Speaker
Description
Timing Resolution of SiPM technologies before and after neutron irradiation
S. Kumar1, L. Niraula1, M. Herzkamp1, D. Arutinov1, S. van Waasen1,2
1 Central Institute of Engineering, Electronics and Analytics ZEA-2 – Electronic Systems,
Forschungszentrum Jülich GmbH, 52425 Jülich, Germany
2 Faculty of Engineering, Communication Systems (NTS), University of Duisburg-Essen,
47057 Duisburg, Germany
E-mail: s.kumar@fz-juelich.de
ABSTRACT
In recent years, silicon photomultiplier (SiPM) technology is getting attention from various applications due to its low cost, immunity to magnetic field, compactness and ruggedness. However, its applicability in experiments with harsh radiation environments is still limited due to lack of corresponding radiation damage studies. A typical 10-year lifetime operation in a typical Small Angle Neutron Scattering experiment [1] with an acceptable PDE degradation [2] has already been reported, and in this study, the timing resolutions of SiPMs before and after exposure with cold neutrons (5 Å) were compared. For this purpose, two analog SiPMs, developed by SensL and Hamamatsu, and a digital SiPM manufactured by Philips Digital Photon Counting were irradiated up to a dose of 6E12n/cm2 at the KWS-1 instrument of the Heinz Maier-Leibnitz Zentrum (MLZ) in Garching.

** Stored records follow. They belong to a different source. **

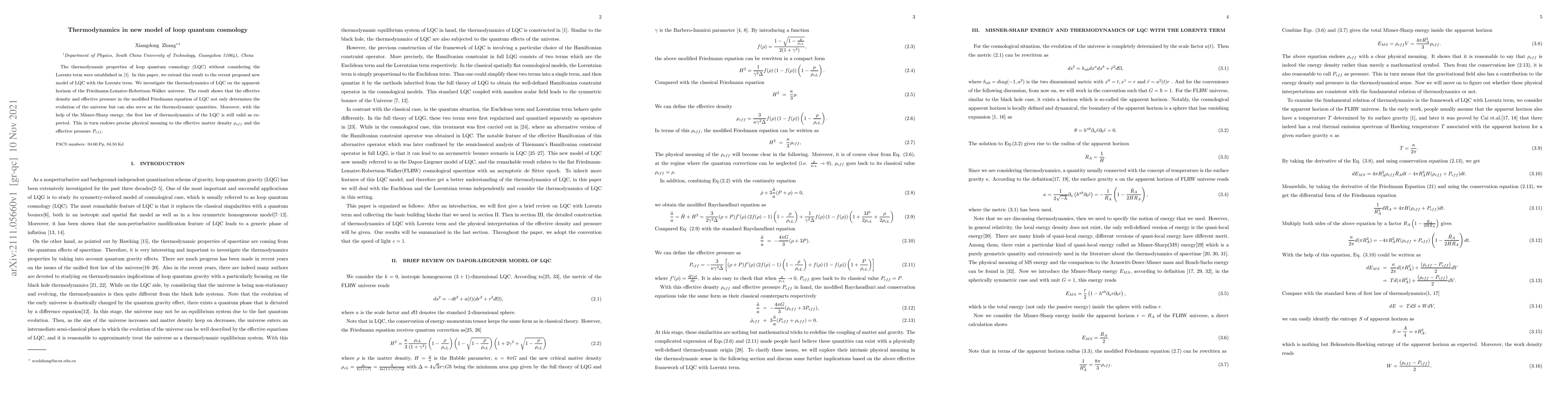 This paper extends thermodynamic properties to a new model of loop quantum cosmology (LQC) incorporating the Lorentz term, showing that effective density and pressure in the modified Friedmann equation serve as thermodynamic quantities. The first law of thermodynamics remains valid, providing physical meaning to effective matter density and pressure.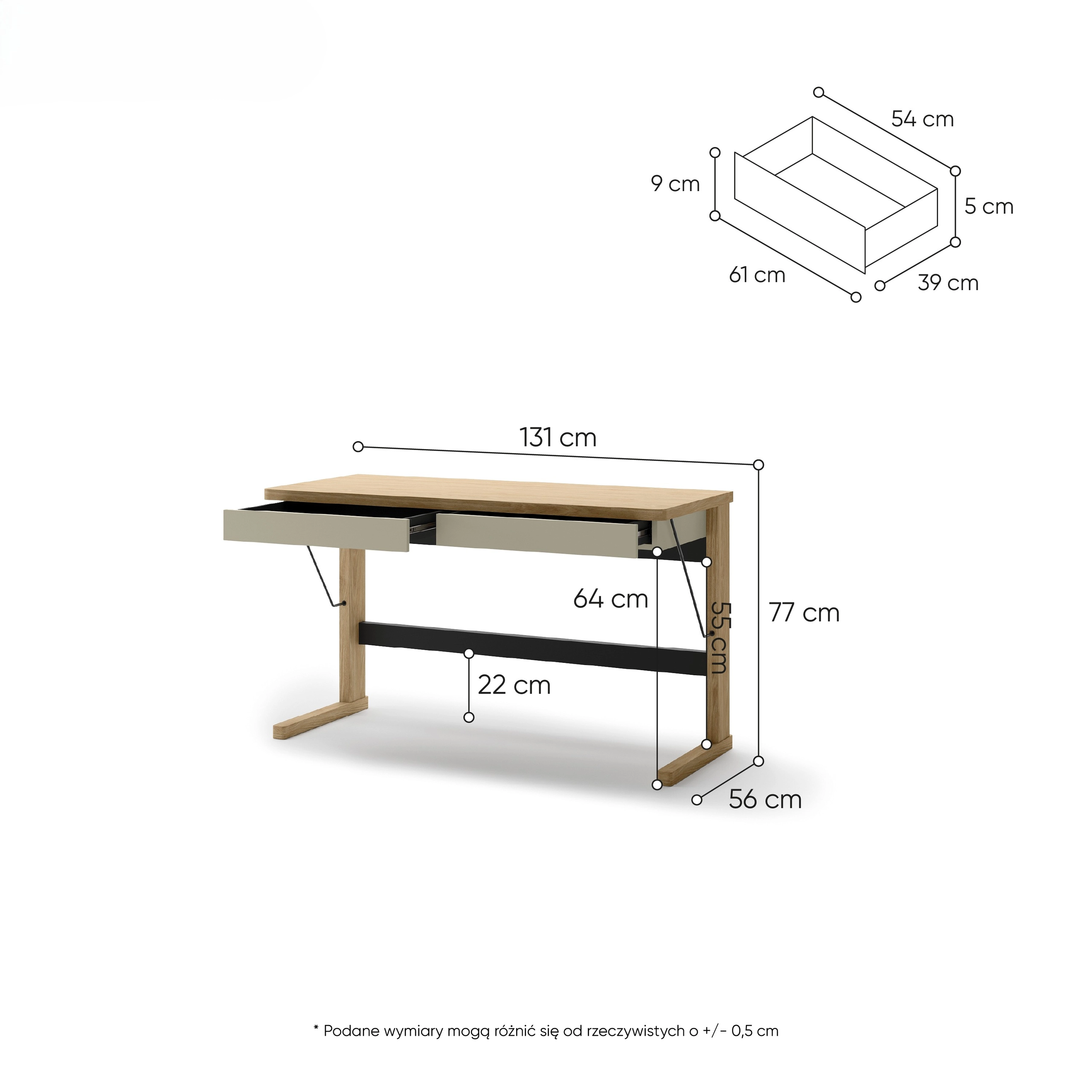 - Ergonomiczna wielkość blatu – szerokość 131 cm zapewnia komfort pracy i nauki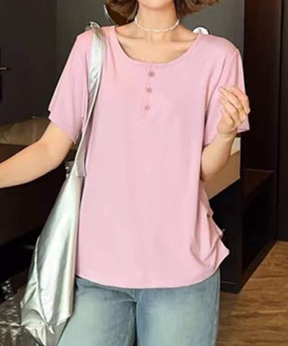 フロントにあしらわれたミニボタンがアクセントになった、ナチュラルな雰囲気のTシャツ。シンプルながらもディテールにこだわった一枚で、着こなしにさりげない変化を与えてくれます。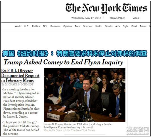 美國《紐約時報》此前爆料稱,今年2月13日,弗林因 “通俄” 辭職;第二天(14日),FBI前局長科米(James Comey)在白宮與特朗普會面;會面結束后,科米立即寫了一份會議備忘錄,詳細記錄了此次會面情況,以及特朗普的要求,并共享給FBI其他高級官員和助手。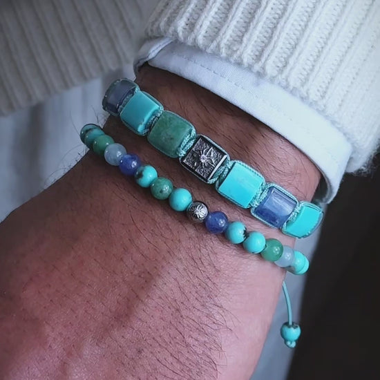 Turquoise String – The carefully woven turquoise string complements the vibrant gemstones, adding both comfort and an extra layer of elegance to the bracelet.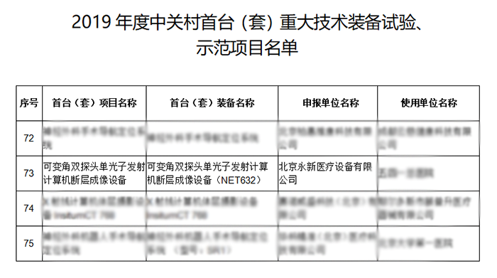 近日,由公司自主研制的NET632型可變角雙探頭SPECT榮獲2019年度中關村首臺(套)重大技術裝備試驗、示范項目。這是公司繼動物PET/SPECT/CT后又一創新產品入圍此項目。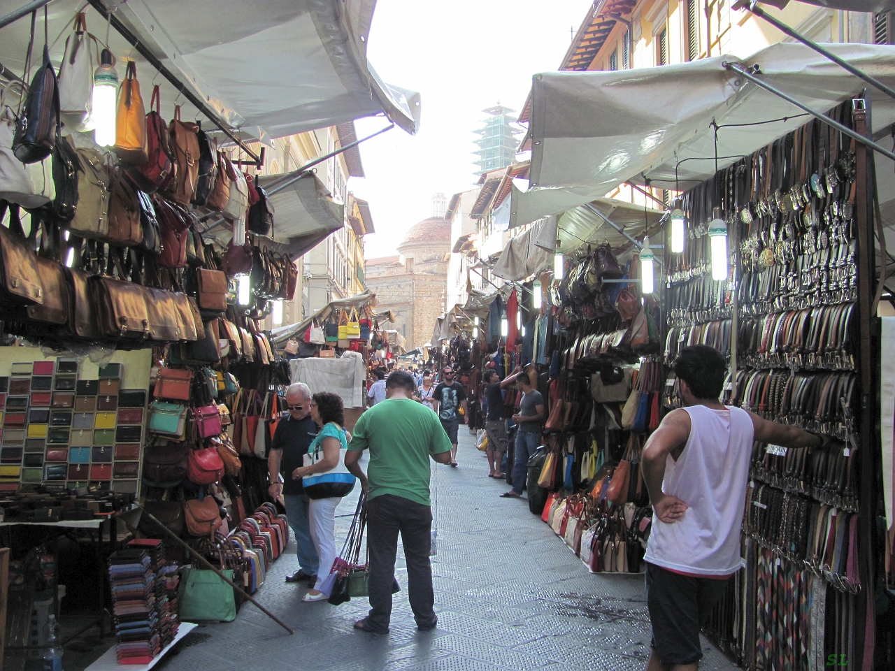 А потом нам некуда было деться, кроме как по прямой улице Via dei Servi топать с сердцу города - к собору Santa Maria del Fiore, потому что он манил своим светом. Ну не зря было потрачено почти 600 лет (1296-1887) на его строительство. И снова фото-сессия, снова мозаика из разных частей этого грандиозного сооружения, только уже при дневном свете. Ну не влезает он весь в мой маленький фотоаппарат. А что делать? Можно еще было, выстояв длинную очередь, попытаться подняться под купол собора, но времени на это у нас сегодня не было отведено. Центральный вход в баптистерий Сан-Джованни напротив собора весь затянут лесами и строительными ширмами, вход закрыт и нам были доступны для лицезрения только ворота его парадного входа и часть внутреннего убранства через щель между створками. Перед воротами толкалась куча японцев, китайцев и корейцев с разными гаджетами и все они сосредоточенно общелкивали ими золоченые ворота баптистерия (Врата Рая). И я тоже все это поделал, потом мы отошли от собора на максимально возможное расстояние и я попытался получить хоть какую-то его общую панораму. Потом повернулись к нему спиной и по улице Via dei Galzaiuoli двинулись в сторону площади Синьории, не забывая по пути заглядывать в перпендикулярные улочки и параллельные магазинчики. Справа промелькнула площадь Республики, мы на нее еще сегодня попадем, а пока мимо.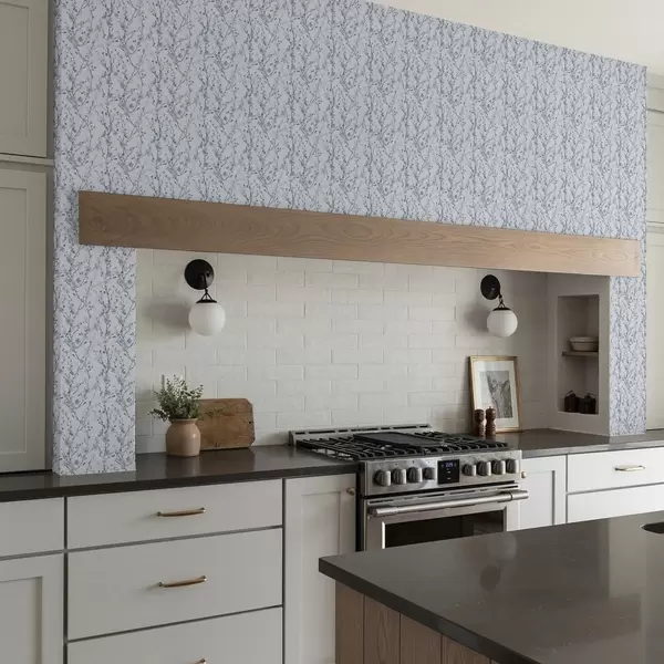 Carta da parati Fiori di ciliegio blu su sfondo bianco con contrasto morbido Nr. a00399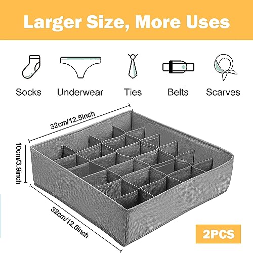 YZDZSW - Collapsible Closet Cabinet Organizer, 2 Pack Drawer Organisers, 24 Cells Closet Organisers Storage Box Sock Drawer Organisers for Socks Ties Underwear(Gray)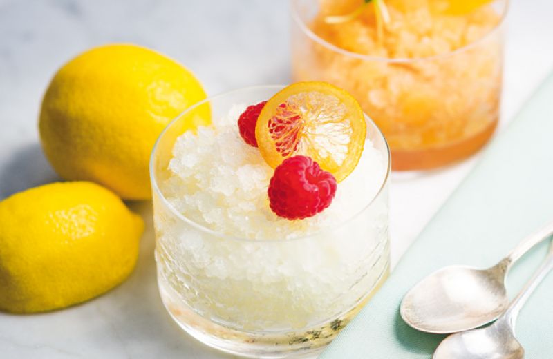 Though a heaping spoonful is often served as a palate cleanser between courses, granita can make for the perfect summertime refreshment on its own. “It’s great for kids,” notes Peninsula Grill executive pastry chef Claire Chapman. “It’s like a snow cone, but not overly sweet.” For a fun adults-only treat, try this alcoholic version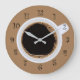 Classy coffee theme kitchen wall clocks designed with a coffee cup graphic and fancy trendy clock face numbers in style. The perfect housewarming gift for the home of coffee enthusiasts to decorate the walls of the kitchen or dining room. Created on high quality acrylic.
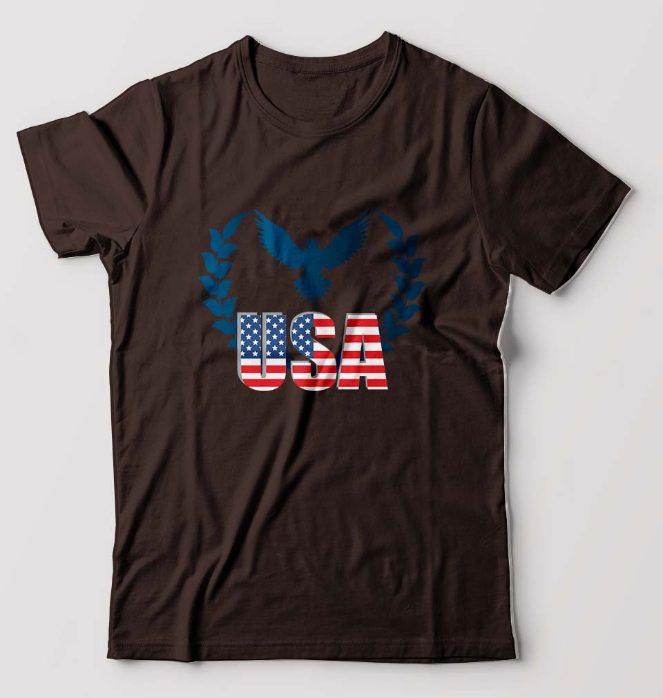 USA America T-Shirt for Men-Coffee Brown-Ektarfa.online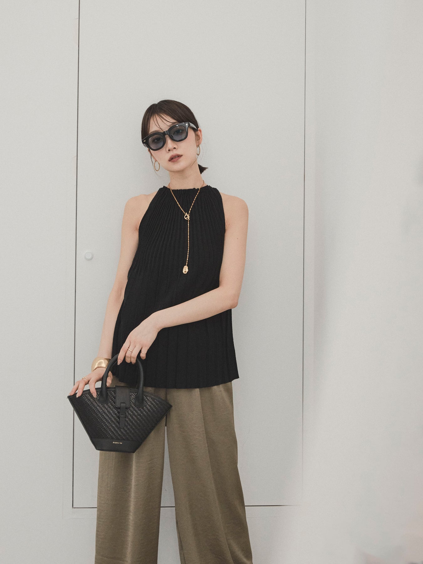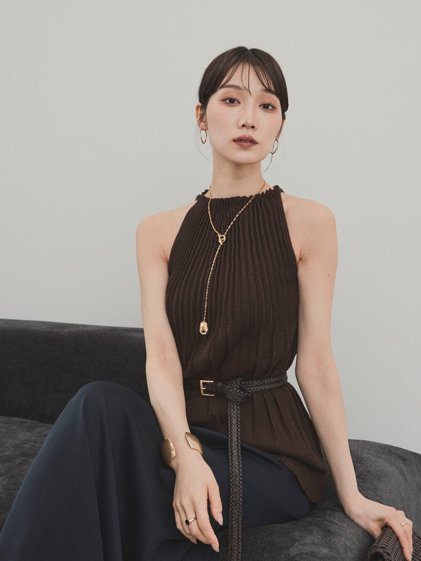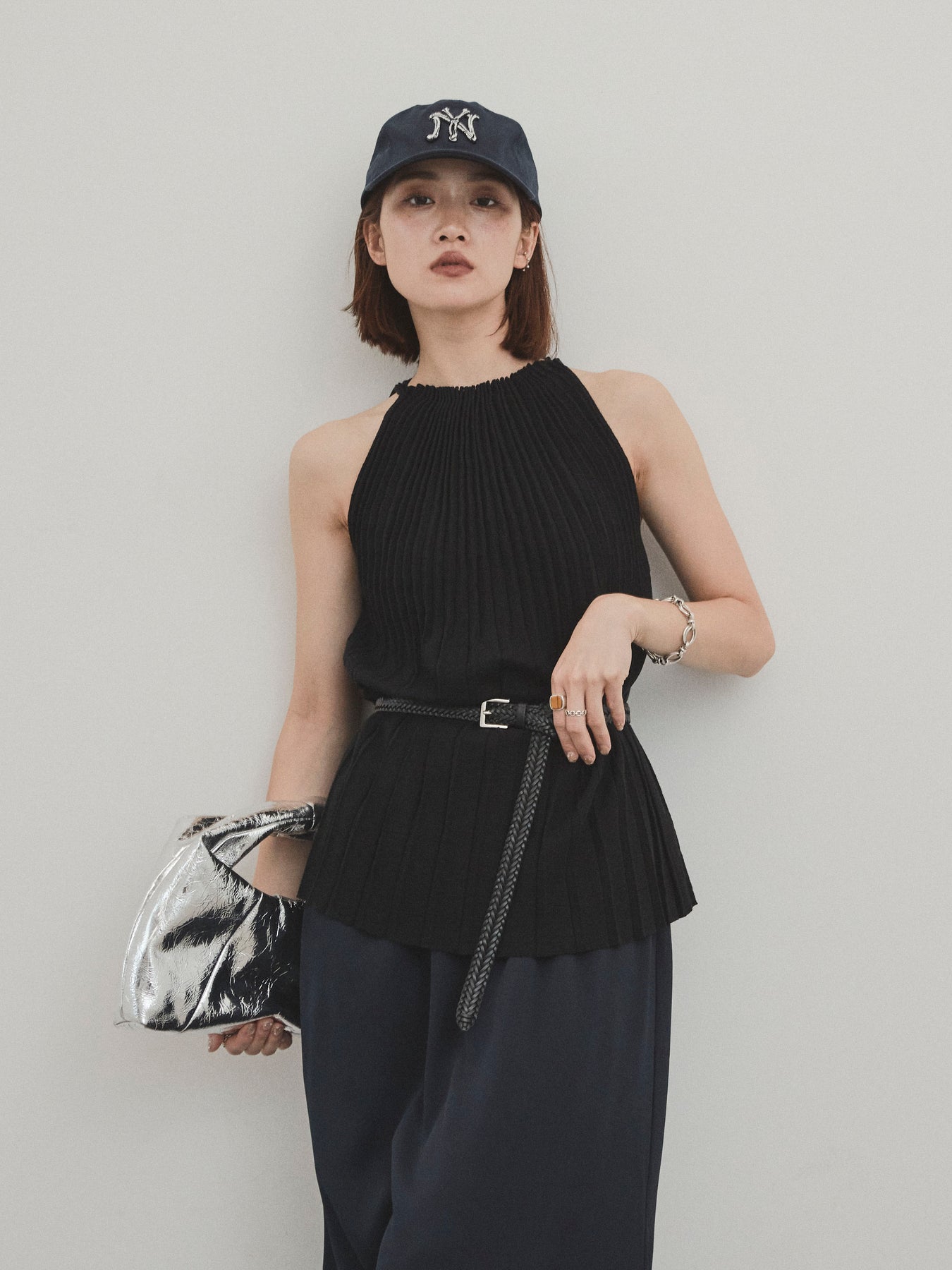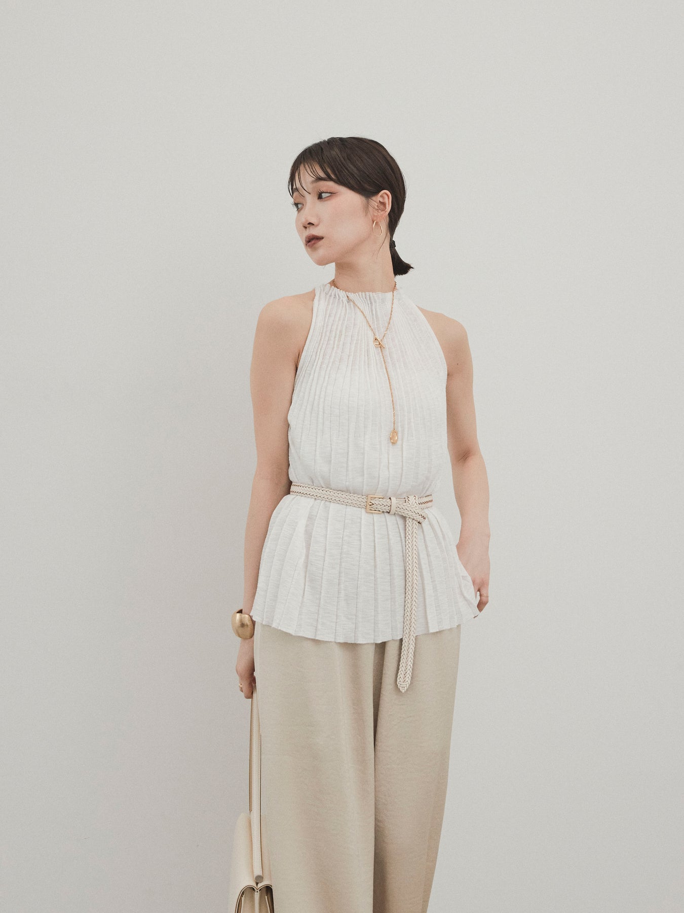 縦ラインが美しいプリーツ編みで仕立てた、大人の洗練を感じさせるニットキャミソール。 身体のラインを拾いすぎない絶妙なシルエットで、スタイルアップも叶える一枚です。 ややハイネック寄りのデザインと肩の露出を抑えた絶妙なアームホールのカットが、ヘルシーながらも上品な印象に。 さらりとした肌あたりのニット素材で、暑い季節でも快適に着用できます。 一枚での着用はもちろん、ジャケットやシャツのインナーとしても活躍する万能トップス。 カジュアルからきれいめまで、幅広いコーディネートに対応できるアイテムです。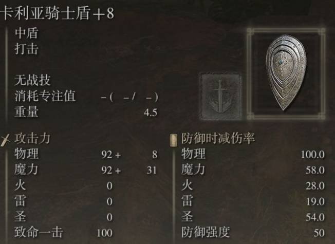 2.卡利亚骑士盾。获取技巧学院满月女王前红魂掉落。优点高魔力、圣减伤,重量较轻,好看。缺点火、雷击减伤低。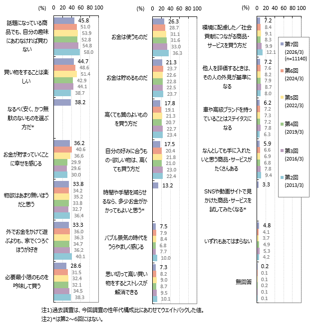 「話題になっている商品でも、自分の趣味にあわなければ買わない」「買い物をすることは楽しい」が各4割台半ば、「なるべく安く、かつ無駄のないものを選ぶ方だ」「お金が貯まっていくことに幸せを感じる」が各4割弱、「物欲はあまり無いほうだと思う」「外でお金をかけて遊ぶよりも、家でくつろぐほうが好き」などが約33~34%です。過去調査と比べ「お金は使うものだ」などが減少傾向です。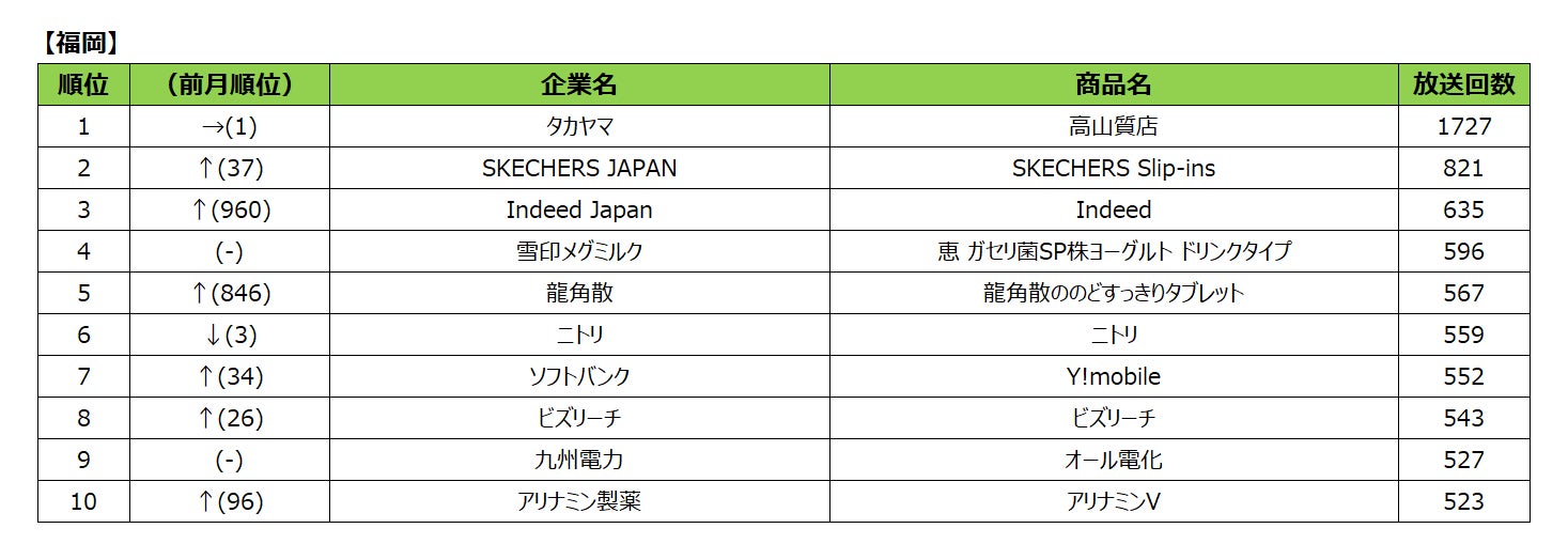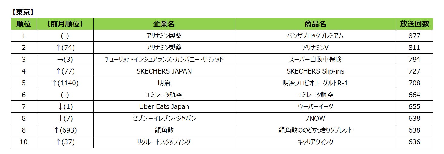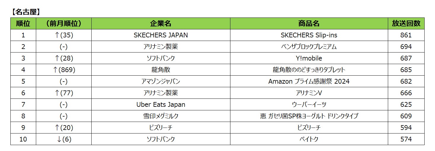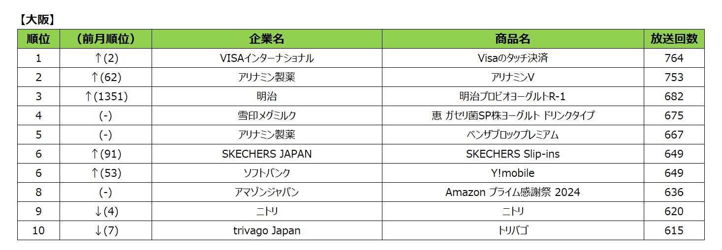 2024年10月度 エリア別 テレビCM放送回数ランキング

The used measurement system consists of a 403 nm Laser with a pulse width of 45 ps FWHM, and an oscilloscope (40 GS/s, 14 GHz) for data acquisition. During the characterization campaign, a time resolutions has been measured using ~500 photon pulses impinging on the SiPMs, which were kept under constant temperature of 21 °C. The first result of SensL SiPM show no significant difference in jitter values before and after irradiation up to a dose of 1.9E12 n/cm2. The performed tests provide an insight into feasibility of implementing SiPM based fast and efficient scintillation light detectors for applications such as neutron time-of-flight scattering experiments.